A group of 38 investors overseeing more than $9tn in assets have written to the chair of the audit committee at each of the companies, calling on them to ensure their financial statements reflect the implications of the Paris Agreement, which aims to limit temperature increases to well below 2 degrees Celsius.
Investors are concerned that corporate accounts have become disjointed from businesses’ public statements on climate change, with many groups setting out plans to cut their carbon emissions but not reflecting this position in their financial outlook.
The investor letter, which was signed by JPMorgan Asset Management, Fidelity International and M&G Investments, said: “The accounts are key to how capital is deployed by management as well as investors. If the accounts leave out material climate risks, too much capital will go towards activities that put shareholder capital at risk. Worse still, this puts all our futures at risk.”

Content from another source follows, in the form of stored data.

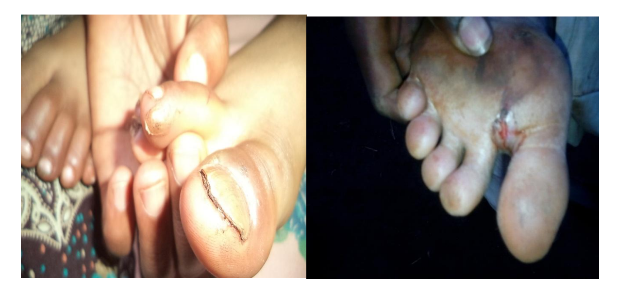
Plate 9 Embedded jigger flea a photo by Taye Berhanu February, 2015 Plate 10 Feet wounded b/c of un saved extraction of flea a photo by Taye Berhanu February, 2015
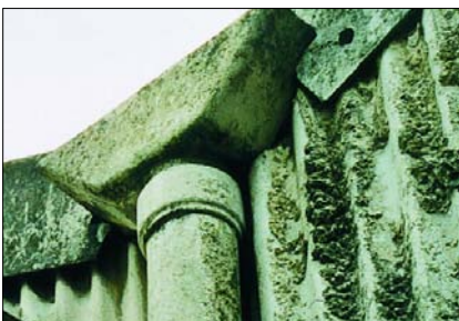
Moss and lichen growth on asbestos cement
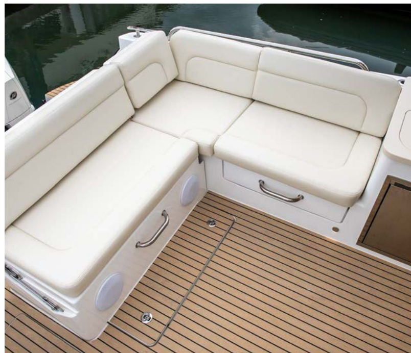
Convertible double sunlounge aft
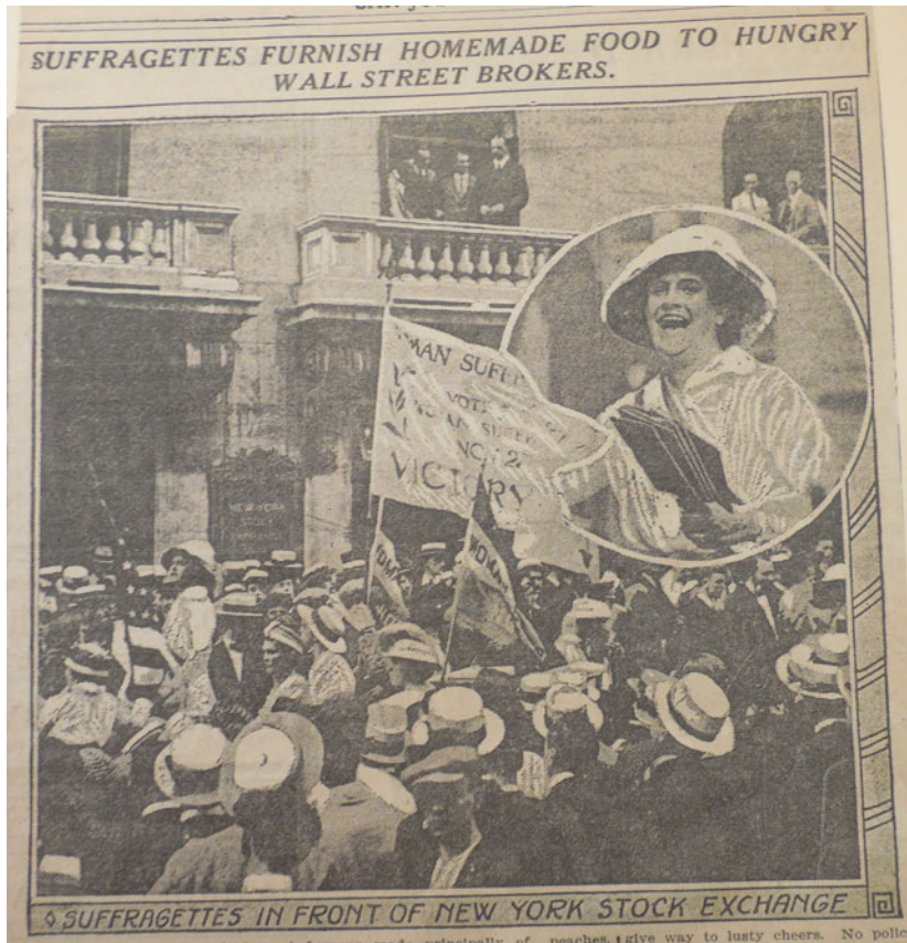
FIGURE 3. “Suffragettes Furnish Homemade Food to Hungry Wall Street Brokers,” San Jose Mercury Herald , 1915, Susan B. Anthony Ephemera Collection, clippings, volume 16, Huntington Library. Suffragists in 1915 made headlines for furnishing “Homemade Food to Hungry Wall Street Brokers.” Operating out of a restaurant and multiple lunch wagons, “suffrage sundaes, cooling beverages made principally of peaches, were handed right and left” and “the suffrage dainties vanished almost immediately.” The food “caused such a stir among the brokers that Wall street was alive from 11 o’clock till 5 with animated capitalists.” Men not only followed their stomachs to the lunch wagons, they also crowded the tables and spilled into the street listening to suffrage speakers.

rival even the meals that ‘mother used to make.’” By dividing up the menu and competing to create better dishes, the women of the Atlanta Equal Suffrage Association refuted “the argument of the antis that women who seek the ballot are remiss as housekeepers and as cooks.” 134 Suffragists emphasized dainty dishes, suffrage savories, and mothers cooking and intentionally played into gender expectations that said women possessed an inherent interest and skill in crafting comforting meals. Suffragists’ embrace of domesticity, however, was not accidental or ruinous to their cause. By entering public spaces with practical demonstrations of their cooking in hand, suffragists proved their compliance with gender expectations and, at the same time, insisted on their right to the franchise.

Some companies have already changed their financial outlook because of climate risks, following investor pressure. Earlier this year, BP said it would slash up to $17.5bn from the value of its oil and gas assets on the expectation of lower long-term oil prices. Royal Dutch Shell and Total also adjusted accounting judgments, resulting in material impairments.
“Companies can no longer afford to ignore what climate change means for their business. Investors need financial impacts of getting on to a net zero pathway to be booked and acted on,” said Stephanie Pfeifer, chief executive of the Institutional Investors Group on Climate Change, which brought the investors together.
The letter also called for adjustments to critical accounting assumptions and estimates to ensure they are consistent with achieving so-called net zero carbon emissions by 2050. It said board directors should explain whether they had room to pay dividends if investments were needed to meet environmental goals.
Natasha Landell-Mills, head of stewardship at UK asset manager Sarasin and Partners and author of the investor expectations, said the world had reached a “crossroads in our battle against climate change” and financial statements that took account of the Paris agreement would “drive system-wide capital redeployment . . . thereby protecting capital for all”.
Insight Investments, the big fixed income asset manager, the Church of England’s investment funds and DWS, the asset manager that was spun out of Deutsche Bank, also signed the letter, as well as several pension funds.
Last week, UK chancellor Rishi Sunak said the UK would become the first country in the world to force big public and private companies to provide climate-related information in their financial accounts.
A separate review by the Financial Reporting Council, the UK audit watchdog, last week found that few listed companies currently made any reference to climate change in their financial statements.